Dáil debates

Thursday, 13 May 2021

Saincheisteanna Tráthúla - Topical Issue Debate

Road Safety

6:40 pm

Photo of Brian LeddinBrian Leddin (Limerick City, Green Party) | Oireachtas source

I raise the issue of safety on our rural roads because another family has suffered an unbearable loss this week. Another innocent life has been taken, that of Aoibheann Duffy, an 11-year-old girl from County Kerry who was out for a cycle on a summer evening near her home. We have failed this young girl and her family. We have failed in our duty of care towards people living in rural areas. We have failed because we are willing to tolerate roads that are simply no longer safe for the people living along them.

This is a relatively recent phenomenon. It is only in the past 20 or 30 years that our rural roads have become the sole preserve of the car, van and truck. Before that, our roadways were shared and people could, and did, walk and cycle safely on them. Vehicles have got bigger and faster and roads have been widened and designed for speed to the extent that many families are locked inside their front gates, unable to go anywhere unless they do so by car. We have made people in rural Ireland more dependent than ever on cars, with all the dire health and social impacts that go with that. In our towns and cities, we have rightly adopted a hierarchy of road users when we design roads. This hierarchy states that we must satisfy the needs of the most vulnerable first. The order of priority goes from the most vulnerable road user to the least vulnerable. In rural Ireland, perversely, we have, in effect, inversed that hierarchy and it is the fast, powerful vehicle that dominates.

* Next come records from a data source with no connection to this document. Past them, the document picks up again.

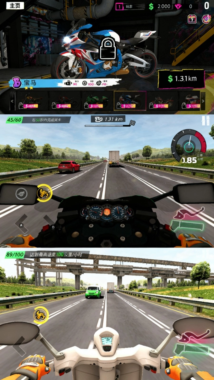 2、游戏内设置各类赛事任务,限定时间完成赛道,突破车流障碍,完成任务可获得丰厚奖励,助力摩托升级与赛道解锁。
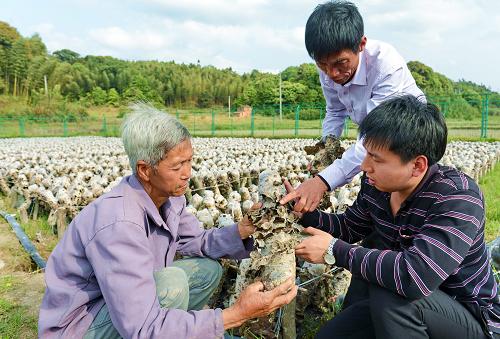 4月23日,福州市晋安区日溪乡梓山村原养猪户方建灼(左一)在观察木耳的生长情况。
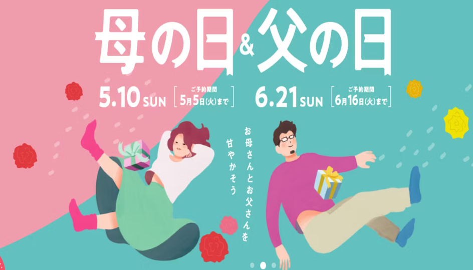 母の日なら花やスイーツ、父の日ならグルメやお酒など、
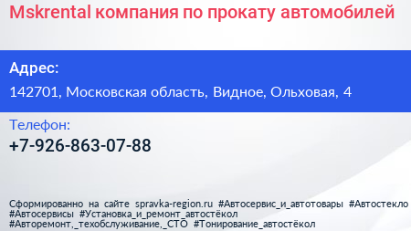 Mskrental, компания по прокату автомобилей по адресу 142701, Московская область, Видное, Ольховая, 4 в дальнейшем Организация, размещена в следующих категориях:
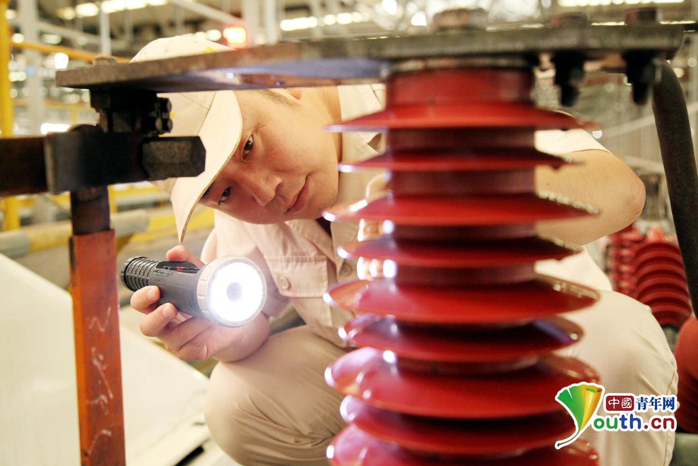 郭庆正在对动车组受电弓绝缘子进行复查,确保其无破损、无污物。中国青年网通讯员王琪摄
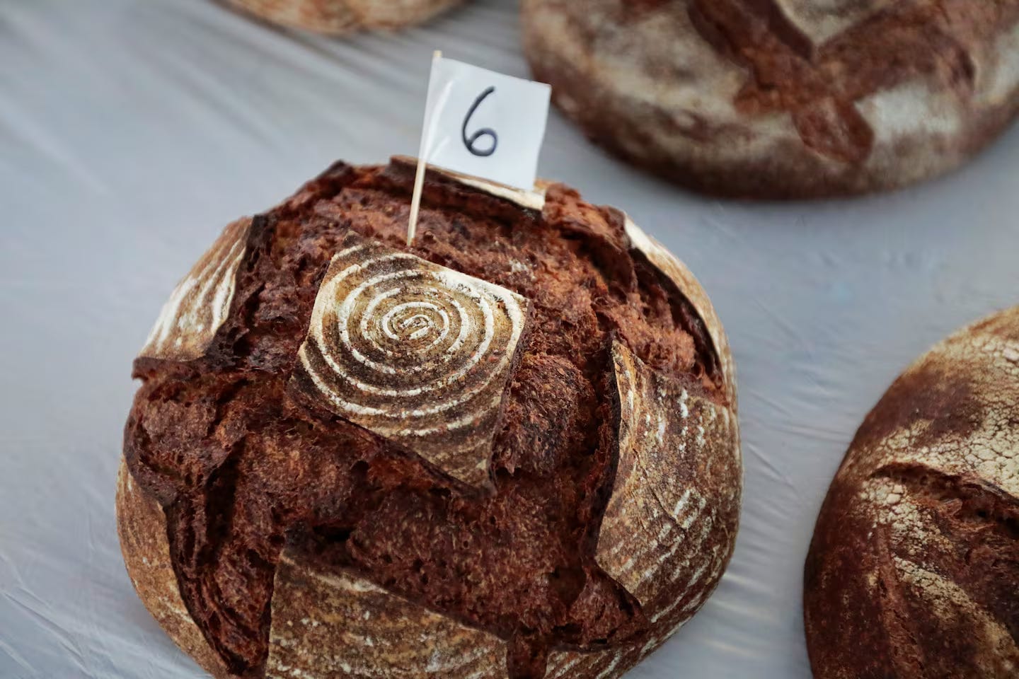 Each had to be made in a home kitchen, either in a freeform shape or baked in a Dutch oven, but not in a loaf pan. Weight had to fall between 1,000 and 1,600 grams (2.2 to 3.5 pounds). That’s a very large loaf; much larger than most home bakers are used to. At least 50 percent of the flour had to be unsifted whole-grain from a local mill. Elmendorf mills 23 New England and New York grains on site, which accounts for the deep interest in bread and willingness to host. Each entry had to arrive with an ingredient list and contestants had to live in Massachusetts or within 60 miles of Boston. The entry fee for contestants was $35, which covered the entire day’s festivities, including a lively Parisian street fair along Cambridge Street, which was bustling once the rain stopped and the sun appeared.

I know the Minister of State, Deputy Noonan, has a commitment to active travel and to the health and environmental benefits that travelling under one's own steam brings. He and his colleagues, the Minister for Transport, Deputy Eamon Ryan, and the Minister of State, Deputy Naughton, have been starting a revolution in active travel, with unprecedented investment in walking and cycling infrastructure, safe routes to schools and greenways in rural areas. We need to give more attention to our rural roads. Cycling and walking are not solely urban activities. We must afford everyone the opportunity to get the exercise they need to stay healthy. In addition, not everyone wants to, or can, use a car for all their daily mobility needs. Making our rural roads safer to walk and cycle on is the fair and right thing to do for our environment, our health and our society.

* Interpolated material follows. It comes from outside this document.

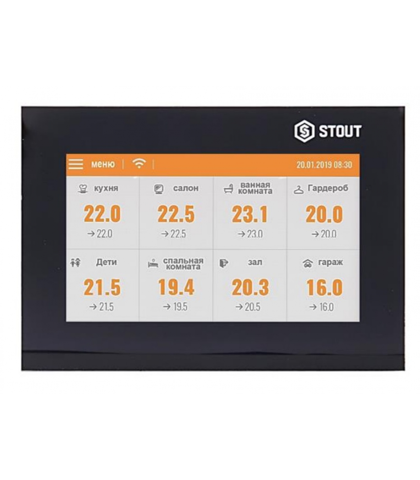 Проводная контрольная панель управления M-7 STOUT предназначена для работы с контроллером L-7, ее основная задача управлять работой напольного нагревательного оборудования. Панель M-7 STOUT отвечает за управление и просмотр параметров всей системы управления внутрипольным отоплением, даёт возможность изменять заданную температуру в каждой зоне, устанавливать недельный график заданной температуры или возможность выключать отопление в отдельных зонах.
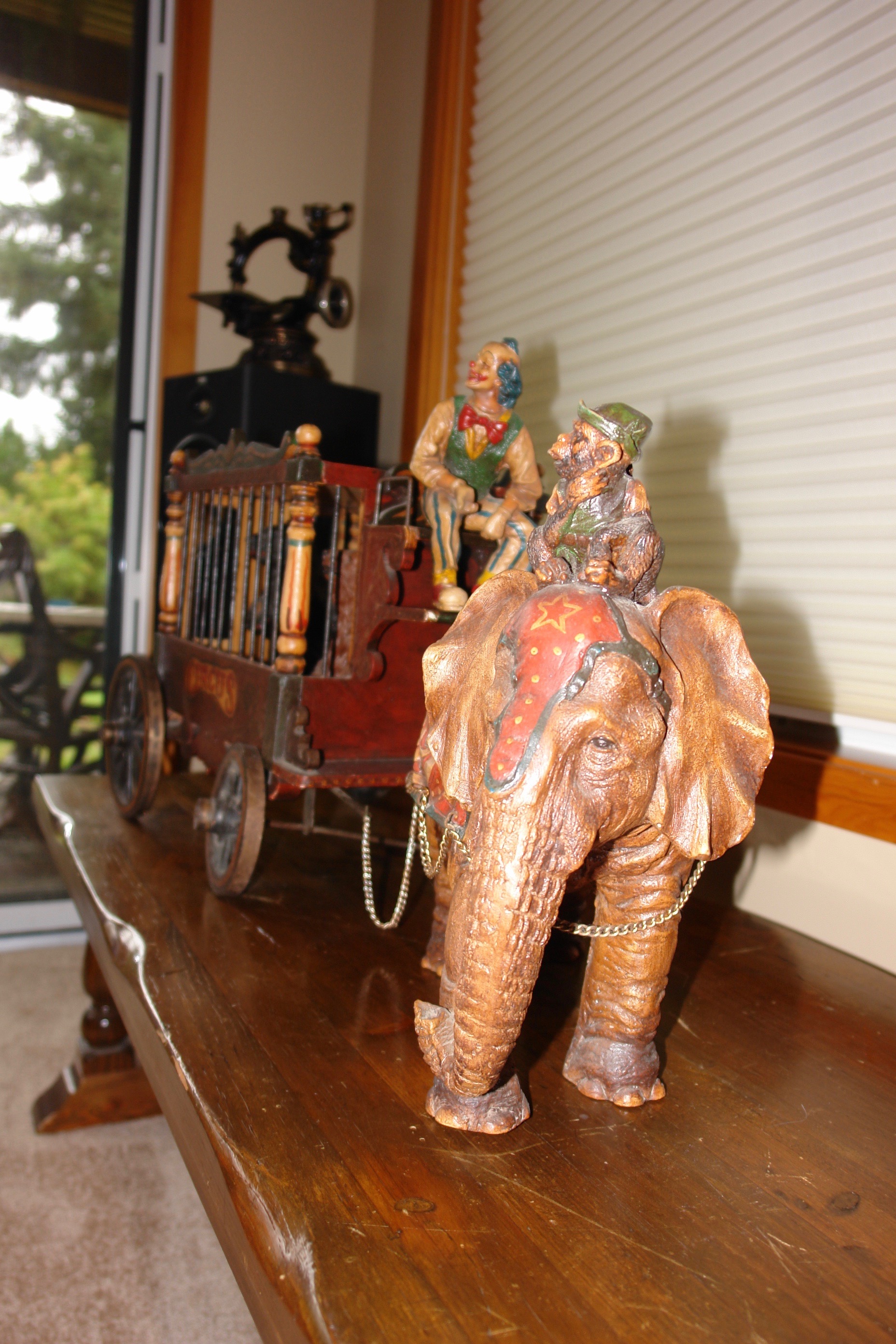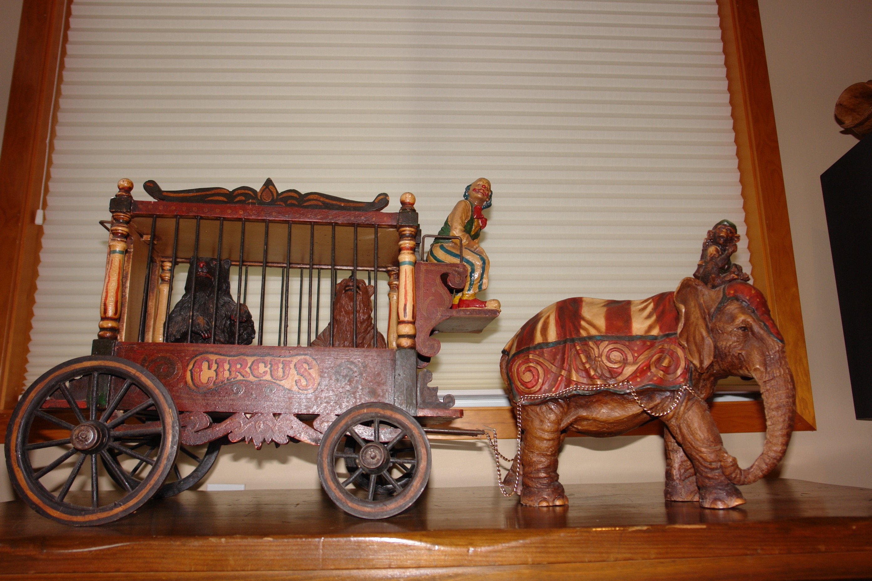 Ceramic Elephant pulling a wooden circus wagon. Two ceramic bears inside wagon. Ceramic clown driving wagon. Ceramic monkey sitting on elephant.

We can do more to stop families from experiencing the preventable death of a child on the roads. I want to extend my sympathies to the Duffy family in Kerry and, indeed, to all the families who have lost loved ones in road accidents. One of my own family members was killed by a driver while cycling and I know the hurt and pain of such a loss can persist for decades. In the Netherlands, an active travel revolution was started in the 1970s with the call to "Stop de Kindermoord", which means "stop the child murder". This past year has demonstrated the capacity of the State to act to prevent premature deaths from the coronavirus pandemic. We have stayed at home, worn masks and kept our distance. We do not have to shut down our economy to prevent children from dying on the roads of rural Ireland. We just need to stop, think of the unbearable grief suffered by families and demonstrate the same capacity for action to prevent the premature deaths of children in road accidents.